◆ Task inputs:
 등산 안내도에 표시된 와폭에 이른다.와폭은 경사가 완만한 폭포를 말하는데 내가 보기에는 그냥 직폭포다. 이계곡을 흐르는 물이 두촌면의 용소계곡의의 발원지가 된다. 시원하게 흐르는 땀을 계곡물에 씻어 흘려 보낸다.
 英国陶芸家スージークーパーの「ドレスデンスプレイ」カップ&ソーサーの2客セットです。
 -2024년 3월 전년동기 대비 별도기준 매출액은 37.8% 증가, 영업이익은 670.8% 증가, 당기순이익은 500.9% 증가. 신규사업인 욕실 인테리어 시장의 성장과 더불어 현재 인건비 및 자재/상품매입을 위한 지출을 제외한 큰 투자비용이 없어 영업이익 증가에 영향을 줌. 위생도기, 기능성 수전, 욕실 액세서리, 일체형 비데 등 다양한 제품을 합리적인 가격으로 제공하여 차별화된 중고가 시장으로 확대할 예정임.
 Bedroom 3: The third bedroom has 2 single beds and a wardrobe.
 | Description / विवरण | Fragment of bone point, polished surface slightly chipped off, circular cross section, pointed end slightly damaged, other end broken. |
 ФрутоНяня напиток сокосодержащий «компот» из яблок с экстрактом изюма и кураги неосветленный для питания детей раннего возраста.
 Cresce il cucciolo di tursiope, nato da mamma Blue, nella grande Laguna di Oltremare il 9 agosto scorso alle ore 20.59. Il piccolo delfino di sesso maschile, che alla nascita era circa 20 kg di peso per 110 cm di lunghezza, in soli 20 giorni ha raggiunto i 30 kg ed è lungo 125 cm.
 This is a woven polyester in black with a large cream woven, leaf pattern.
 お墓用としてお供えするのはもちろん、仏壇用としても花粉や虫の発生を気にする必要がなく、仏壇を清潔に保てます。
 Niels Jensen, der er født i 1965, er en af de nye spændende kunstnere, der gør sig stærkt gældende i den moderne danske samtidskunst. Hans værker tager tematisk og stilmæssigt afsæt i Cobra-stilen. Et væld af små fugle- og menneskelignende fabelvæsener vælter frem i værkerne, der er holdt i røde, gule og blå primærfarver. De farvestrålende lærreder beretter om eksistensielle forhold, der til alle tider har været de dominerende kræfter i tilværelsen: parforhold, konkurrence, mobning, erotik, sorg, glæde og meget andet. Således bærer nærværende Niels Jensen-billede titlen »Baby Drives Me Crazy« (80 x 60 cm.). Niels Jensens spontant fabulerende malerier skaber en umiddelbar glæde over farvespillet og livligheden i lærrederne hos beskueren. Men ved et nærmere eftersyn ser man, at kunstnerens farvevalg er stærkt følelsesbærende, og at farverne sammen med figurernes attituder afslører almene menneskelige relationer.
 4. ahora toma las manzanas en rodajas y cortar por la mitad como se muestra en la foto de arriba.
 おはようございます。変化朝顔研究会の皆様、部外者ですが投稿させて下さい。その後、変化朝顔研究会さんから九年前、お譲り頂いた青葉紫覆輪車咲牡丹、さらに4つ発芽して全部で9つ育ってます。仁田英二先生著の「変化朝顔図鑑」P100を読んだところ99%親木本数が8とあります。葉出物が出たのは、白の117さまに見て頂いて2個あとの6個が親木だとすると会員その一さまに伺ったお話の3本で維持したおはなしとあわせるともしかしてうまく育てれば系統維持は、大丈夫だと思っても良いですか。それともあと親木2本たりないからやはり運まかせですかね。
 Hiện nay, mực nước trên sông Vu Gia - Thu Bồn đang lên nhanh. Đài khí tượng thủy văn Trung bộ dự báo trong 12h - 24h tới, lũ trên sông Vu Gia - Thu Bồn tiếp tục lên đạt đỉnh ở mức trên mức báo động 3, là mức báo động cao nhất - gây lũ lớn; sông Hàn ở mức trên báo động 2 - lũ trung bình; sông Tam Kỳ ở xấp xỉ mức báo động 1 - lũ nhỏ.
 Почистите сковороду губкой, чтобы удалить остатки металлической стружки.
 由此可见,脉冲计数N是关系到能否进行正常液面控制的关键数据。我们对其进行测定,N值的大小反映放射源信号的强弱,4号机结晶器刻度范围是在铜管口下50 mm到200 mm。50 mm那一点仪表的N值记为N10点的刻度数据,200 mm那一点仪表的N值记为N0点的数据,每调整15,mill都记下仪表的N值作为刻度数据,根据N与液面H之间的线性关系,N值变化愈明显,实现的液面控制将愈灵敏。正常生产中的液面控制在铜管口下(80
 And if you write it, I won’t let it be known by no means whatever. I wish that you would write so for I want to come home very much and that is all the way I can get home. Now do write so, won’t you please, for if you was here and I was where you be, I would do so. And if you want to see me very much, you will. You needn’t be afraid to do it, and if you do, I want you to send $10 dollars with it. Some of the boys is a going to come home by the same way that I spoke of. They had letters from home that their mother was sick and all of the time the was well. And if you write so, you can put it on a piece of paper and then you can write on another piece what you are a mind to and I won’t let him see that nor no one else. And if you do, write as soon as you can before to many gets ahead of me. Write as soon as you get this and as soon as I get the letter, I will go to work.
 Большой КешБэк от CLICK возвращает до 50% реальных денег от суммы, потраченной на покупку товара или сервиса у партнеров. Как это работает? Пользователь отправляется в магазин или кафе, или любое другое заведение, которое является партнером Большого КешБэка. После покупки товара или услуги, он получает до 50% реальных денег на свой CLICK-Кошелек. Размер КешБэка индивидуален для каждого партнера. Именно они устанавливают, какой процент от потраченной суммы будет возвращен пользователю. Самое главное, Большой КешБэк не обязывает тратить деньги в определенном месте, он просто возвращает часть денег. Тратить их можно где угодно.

◆ Task goal: Retype exactly the span of lines from the one with "-2024년 3월 전년동기" through the one with "お墓用としてお供えするのはも"; include both ends and omit the rest of the material.

◆ Result:
 -2024년 3월 전년동기 대비 별도기준 매출액은 37.8% 증가, 영업이익은 670.8% 증가, 당기순이익은 500.9% 증가. 신규사업인 욕실 인테리어 시장의 성장과 더불어 현재 인건비 및 자재/상품매입을 위한 지출을 제외한 큰 투자비용이 없어 영업이익 증가에 영향을 줌. 위생도기, 기능성 수전, 욕실 액세서리, 일체형 비데 등 다양한 제품을 합리적인 가격으로 제공하여 차별화된 중고가 시장으로 확대할 예정임.
 Bedroom 3: The third bedroom has 2 single beds and a wardrobe.
 | Description / विवरण | Fragment of bone point, polished surface slightly chipped off, circular cross section, pointed end slightly damaged, other end broken. |
 ФрутоНяня напиток сокосодержащий «компот» из яблок с экстрактом изюма и кураги неосветленный для питания детей раннего возраста.
 Cresce il cucciolo di tursiope, nato da mamma Blue, nella grande Laguna di Oltremare il 9 agosto scorso alle ore 20.59. Il piccolo delfino di sesso maschile, che alla nascita era circa 20 kg di peso per 110 cm di lunghezza, in soli 20 giorni ha raggiunto i 30 kg ed è lungo 125 cm.
 This is a woven polyester in black with a large cream woven, leaf pattern.
 お墓用としてお供えするのはもちろん、仏壇用としても花粉や虫の発生を気にする必要がなく、仏壇を清潔に保てます。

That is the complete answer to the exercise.